- [Supplied material]:
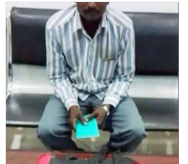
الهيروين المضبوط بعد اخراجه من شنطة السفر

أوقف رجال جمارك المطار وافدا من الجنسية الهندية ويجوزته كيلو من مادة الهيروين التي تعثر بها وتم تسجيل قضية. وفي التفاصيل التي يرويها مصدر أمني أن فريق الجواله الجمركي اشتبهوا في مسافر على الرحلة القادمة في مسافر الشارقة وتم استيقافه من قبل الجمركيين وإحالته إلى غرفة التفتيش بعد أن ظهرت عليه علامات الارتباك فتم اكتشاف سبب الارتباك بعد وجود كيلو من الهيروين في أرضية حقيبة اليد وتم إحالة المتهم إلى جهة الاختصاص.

==

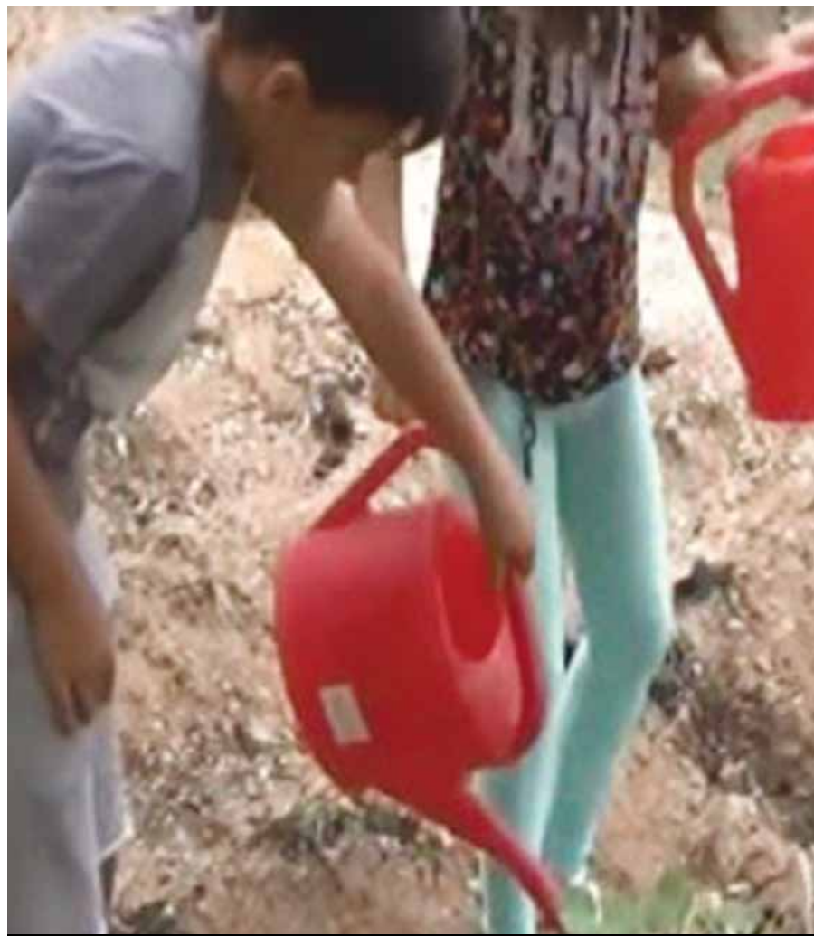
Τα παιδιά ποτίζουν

- [Your objective]: All lines in the data above from the one with "الهيروين المضبوط بعد اخراجه من شنطة السفر" through the one with "أوقف رجال جمارك" must be repeated exactly, and no others.

- [Result of the task]:
الهيروين المضبوط بعد اخراجه من شنطة السفر

أوقف رجال جمارك المطار وافدا من الجنسية الهندية ويجوزته كيلو من مادة الهيروين التي تعثر بها وتم تسجيل قضية. وفي التفاصيل التي يرويها مصدر أمني أن فريق الجواله الجمركي اشتبهوا في مسافر على الرحلة القادمة في مسافر الشارقة وتم استيقافه من قبل الجمركيين وإحالته إلى غرفة التفتيش بعد أن ظهرت عليه علامات الارتباك فتم اكتشاف سبب الارتباك بعد وجود كيلو من الهيروين في أرضية حقيبة اليد وتم إحالة المتهم إلى جهة الاختصاص.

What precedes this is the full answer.